7.  Tom Waits : Make it Rain

This song is so quintessentially Tom Waits, at times it might almost seem like a joke. Those sounds, that voice, at first it seems just like another Waits song. But then you hear those drums. The way they almost immediately start to rush, but then suddenly slow down and drag behind the beat, only to start the cycle all over again. It leaves the listener completely off balance — it feels like the sound of bellows stoking a huge fire of an unknown, ungodly purpose — which just opens you up to receive Waits' completely unique approach to music. Just listen to those lyrics, how they're simultaneously biblically grandiose and deeply personal, yet still leave room for you to project your own meaning onto a lot of them. It's a balancing act, fitting since it often seems like Waits would be most at home as the leader of some warped traveling circus. He's a man of many tricks, many of which I'm sure we've never seen, and even more we never will. But those we do see, the ones that his jaw-dropping catalogue have revealed to us have been employed so skillfully and with such unique style that they'll likely never be replicated anywhere else. Step right up! Step right up! See the last completely unique musician! He won't be around forever.

8.  Aesop Rock : Commencement at the Obedience Academy

It was pretty cool last year when that list of rappers with the largest vocabularies came out. It was no surprise either to find Aesop Rock at the top of that list; he's been making some of the most verbally dexterous hip-hop for almost 20 years now. True, it takes more than a big vocabulary to make a great rapper, but going back through his catalogue (as I've been known to do on a surprisingly regular basis) it seems like Aesop has been one of the best rappers around since the day he stepped onto the scene. Just listen to the rapid fire lyrics of "Commencement at the Obedience Academy." Unless you've got the lyrics right in front of you, you're going to need to listen a few times just to figure out what he's saying. Once you've got the words, you have to decode them, not just to find out what he means with each line, but to figure out what his word choice says about that meaning, and how the song fits into the larger theme of the album it's on. It's going to take a while before you start to appreciate the science fiction and horror fantasy paranoia mixed with lyrics about farming (or are they about family?), religion, systems, institutions, and American history that pop up on "Commencement at the Obedience Academy," and this is before you even get to all the personal references Aesop's been know to throw into his songs that keep them shrouded in a level of mystery to all but his closest friends. It's a lot of work for the listener, something that requires real effort on their part. So just imagine how much work it is for the artist, how much time and energy he puts into constructing these little puzzle boxes. Musicians simply don't do this kind of work, especially in this economic climate. But it's exactly that attention to detail, that clear respect for craft and style that makes Aesop's music so compelling, so urgent, that to turn away from it is almost a disservice to yourself as a fan of music. Don't balk at the challenge of an Aesop Rock record. Put the time in and you'll be rewarded 100 times over.

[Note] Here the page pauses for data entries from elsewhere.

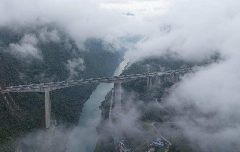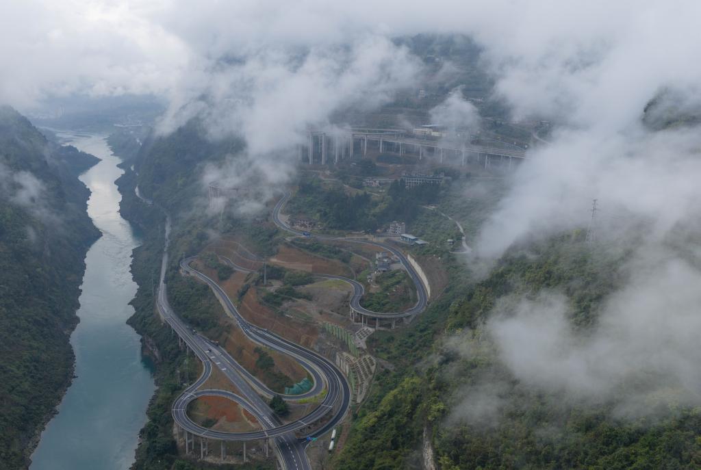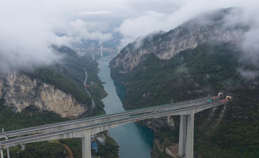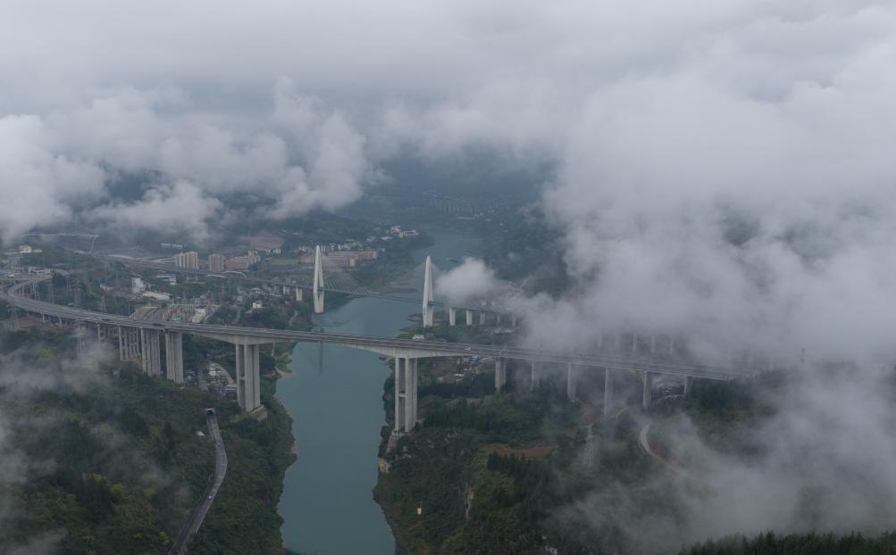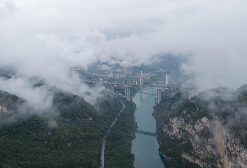 26日、雲と霧に包まれた重慶市武隆区。(重慶=新華社記者/陳誠)
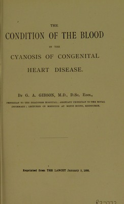 The condition of the blood in the cyanosis of congenital heart disease / by G. A. Gibson.
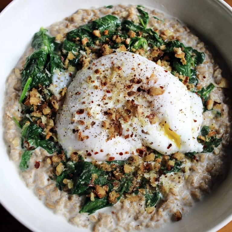 Save A hearty, visually appealing breakfast twist on classic oatmeal, featuring creamy oats, sautéed spinach, and a silky poached egg. Nutritious, budget-friendly, and satisfying.
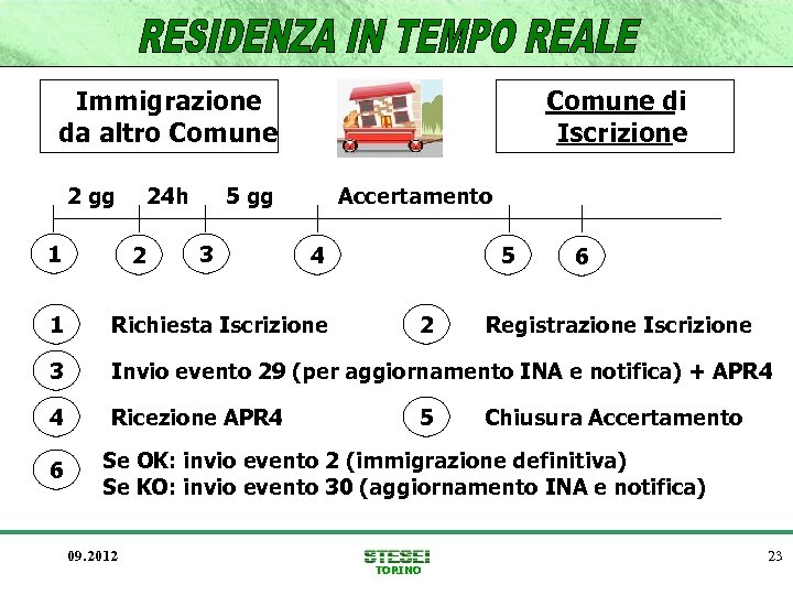 Immigrazione da altro Comune 2 gg 1 24 h 2 Comune di Iscrizione 5 gg 3 Accertamento 4 5 1 Richiesta Iscrizione 3 Invio evento 29 (per aggiornamento INA e notifica) + APR 4 4 Ricezione APR 4 6 2 6 5 Registrazione Iscrizione Chiusura Accertamento Se OK: invio evento 2 (immigrazione definitiva) Se KO: invio evento 30 (aggiornamento INA e notifica) 09. 2012 TORINO 23
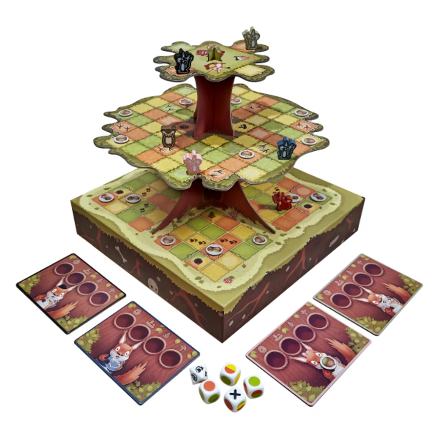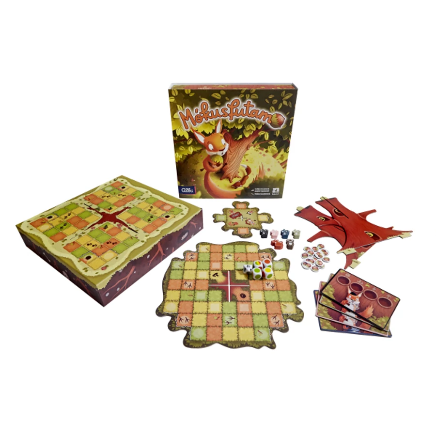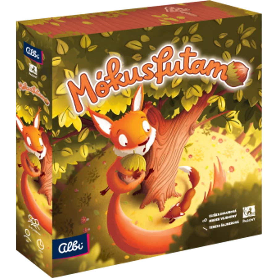 Ebben a látványos társasban egy hatalmas mogyorófán kergetőzünk mókusokként. A feladatunk, hogy elegendő mogyoróval töltsük fel télire az éléskamránkat, emiatt egymás orra elől próbáljuk elhalászni a legnagyobb szemeket. A színes kockákkal dobva minél ügyesebben kell megterveznünk az utunkat, hogy a lehető leggyorsabban érjünk a finom falatokhoz és a rejtekhelyekhez. De sajnos a róka ott ólálkodik a fa körül, a bagoly pedig a lombkoronát tartja szemmel – ők arra várnak, hogy ránk ijesszenek, és visszakergessenek bennünket a fa tetejére. Ilyenkor ijedtünkben az épp megszerzett mogyorót is elejtjük, és kereshetünk újabbat! Vajon kinek sikerül elsőként minden rejtekhelyet megtölteni?

9.  A$AP Rocky feat. Joe Fox : Holy Ghost

Now this was legitimately surprising. Like I said when writing the blog post for Volume 53, I was fully expecting the next A$AP Rocky to be another boast filled album of summer jams. But I was excited for those boasts, what he delivered a far more flawed, and, as a result, far more interesting album. What we got with "AT.LONG.LAST.A$AP" was a much clearer portrait of Rocky as a human being, as someone dealing with the daily struggles of simple existence. Internal arguments, conflict with no clear resolution, I didn't think Rocky was capable of this kind of music, this kind of deeply personal, emotionally mature hip-hop. He's not mastered this change yet, and still has a lot of work to do if he wants to, but if he does, it could be one of the biggest bait and switches in recent memory. I'll admit, I'll miss the boasts, but I'm more than ready to get a more complete picture of Rocky as a human  being, even if that means giving them up. Here's to the bait and switch.

10. Freddie Gibbs & Madlib feat. BJ the Chicago Kid : Shame

Not gonna say too much here. When something is this good, when a rapper and a producer are this in sync with one anther creatively, analyzing the result doesn't really serve much of a purpose. Just sit back, close your eyes, and let it wash over you. You'll be happy you did.

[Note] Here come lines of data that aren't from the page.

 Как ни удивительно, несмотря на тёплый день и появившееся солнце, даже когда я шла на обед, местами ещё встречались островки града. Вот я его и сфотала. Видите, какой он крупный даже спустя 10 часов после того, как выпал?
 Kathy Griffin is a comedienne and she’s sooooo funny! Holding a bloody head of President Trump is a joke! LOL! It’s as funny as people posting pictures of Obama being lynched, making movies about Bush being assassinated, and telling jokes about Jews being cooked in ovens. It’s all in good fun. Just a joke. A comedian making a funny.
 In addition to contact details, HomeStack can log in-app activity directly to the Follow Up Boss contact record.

11. Asobi Seksu : Nefi + Girly

Remember being in high school? Remember how important everything felt. Things that, as an adult, seem tiny — a breakup, some big test — but at the time were the most dramatic things you'd ever felt. The type of thing that made your heart pound like you had been standing on the edge of a cliff. Well, this song somehow captures that. I still haven't totally figured out why, but there's something about it that captures that feeling perfectly. Maybe it's that immediacy, that feeling that whatever it is Asobi Seksu is doing is the most important thing in the world, I haven't quite put my finger on it yet, and I'm not even sure if it is intentional (the lyrics certainly don't seem to suggest it is). But without fail, listening to "Nefi + Girly" always makes me feel like I'm a teenager again, living my life on the edge of a constant nonexistent cliff.

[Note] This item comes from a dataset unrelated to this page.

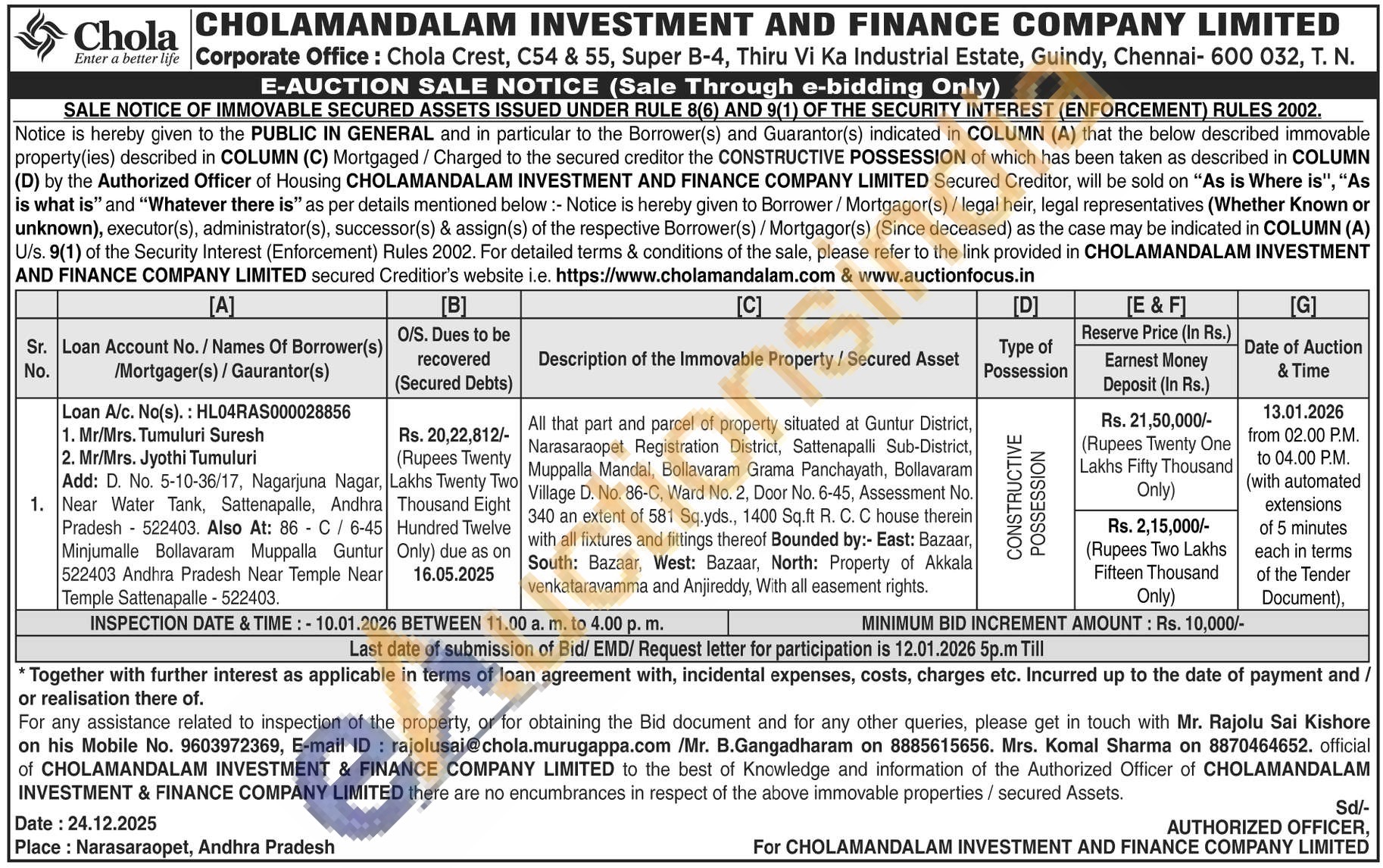 All that part and parcel of property situated at Guntur District, Narasaraopet Registration District, Sattenapalli Sub-District, Muppalla Mandal, Bollavaram Grama Panchayath, Bollavaram Village D. No. 86-C, Ward No. 2, Door No. 6-45, Assessment No. 340 an extent of 581 Sq.yds., 1400 Sq.ft R. C. C house therein with all fixtures and fittings thereof Bounded by:- East: Bazaar, South: Bazaar, West: Bazaar, North: Property of Akkala venkataravamma and Anjireddy, With all easement rights

12.  Captain Murphy : Shake Weight

I was legitimately surprised when Steven Ellison revealed himself to be Captain Murphy. As if the music he's been releasing as Flying Lotus wasn't impressive enough, he decided to release one of the most consistently solid mixtapes of 2012. And with this closer, he solidified his skills to anyone who may have doubted him. Where else are you going to hear lines like "Ain't never rock no mic, I only Rachmaninoff." "Yeezus" era Kanye maybe, but I doubt even he would name drop that obscure of a composer. The song keeps with the disturbing mix of sexual and religious (fitting with Captain Murphy's cult-leader characterization) that dominates the album, all of which is surprisingly realized given that this amounts a side project for Ellison. But listening to the skill and consistent quality of the rhymes and beats form "Du∆lity," it's no surprise that Kendrick recorded lyrics over most of the beats Ellison had previously set aside for the next Captain Murphy release. When something is done this well — even if it isn't for your main project — people stand up and take notice.